You instantly sympathize with her cry for help on the bombastic synth ballad “Reckless” while also left speechless by her villainous attitude towards love connections accompanied by 70s prog rock keys on “Flea.” 

It’s a testament to Clark’s ear for production that her first fully self-produced album executes so many styles on a stunning level. 

Which is why seeing her creation lose a couple screws nearing the finish line stings a bit extra. 

Normally I have no qualms with a full body of work encountering some hiccups along the road. Nobody’s perfect. These mistakes are not easily forgotten, though, sticking out harder than Nute Gunray in the Star Wars prequel trilogy. 

First there’s the despairing “The Power’s Out” who’s storytelling very clearly pays homage to David Bowie’s own song “Five Years.” 

Bringing my enjoyment to a halt is not the borrowing of ideas but rather how out of place the subject matter is incorporated. 

Sure, it loosely ties in to the album’s concepts, only to derail the self-reflective voyage in service of a gratuitous detour that lacks emotional depth. This track isn’t half the faux pas “Sweetest Fruit” is however. What an oversight. I’d like to make up my own headcanon for this song and assume she forgot how to make music for four minutes. 

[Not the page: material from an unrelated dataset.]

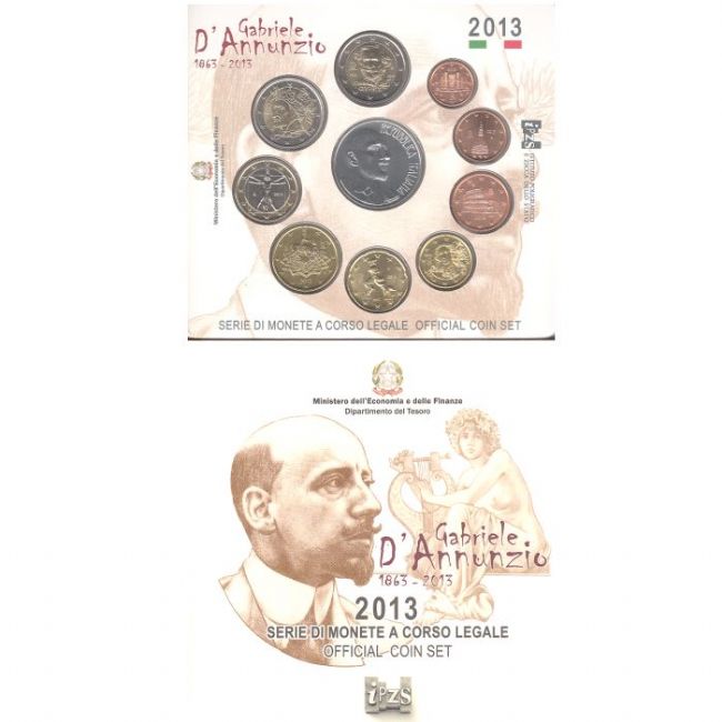 Serie di Monete in Euro anno 2013 che commemora il 150° anniversario della nascita di Grabriele d'Annunzio, la serie di monete è composta da moneta di 1-2-5-10-20-50 centesimi di euro e da moneta di 1-2 euro e con il 2€. commemorativo di Giuseppe Verdi, e dalla moneta da 5 euro in Argento fior di conio dedicata a Gabriele d'Annunzio.

Ugly, clunky boops and beeps and a piss poor tribute to the tragically deceased artist SOPHIE combine for a grotesque sonic cocktail reeking of opportunistic intent, no matter how well-intentioned it was in reality. 

Two misses in a succinct 10-song tracklist inevitably stand out when they pull you out of the experience in cringey fashion. 

Still, how can I stay mad at a record with “Big Time Nothing.” 

Leave it to Clark to get me up out of my seat doing the cabbage patch by crafting what sounds like the love child of Prince and Nine Inch Nails with a dash of Madonna’s talky vocal inflection. 

Heavenly on even deaf ears. 

Again, beats with a certain electronic stickiness paired with lyrics confronting your apathy is a brilliant dichotomy presented. Thankfully, “All Born Screaming” comes to a close with its title track making for a satisfying thematic conclusion. 

Clark details the turmoil of her journey up until this point, making note of all the “stolen hearts [she] didn’t need, but…always paid for them” and how she’s “never exhaled.” Repeating the chorus to the very end while the instrumental switches into a breakcore beat of sorts spells the message out for the audience. 

Clark wants to break away from the firestorm she’s become, leaving romantic casualty after romantic casualty in her wake. Whether or not she’ll forgive herself for her past sins is left unanswered, doesn’t change the fact of her newfound appreciation for life itself, and to that I say cheers!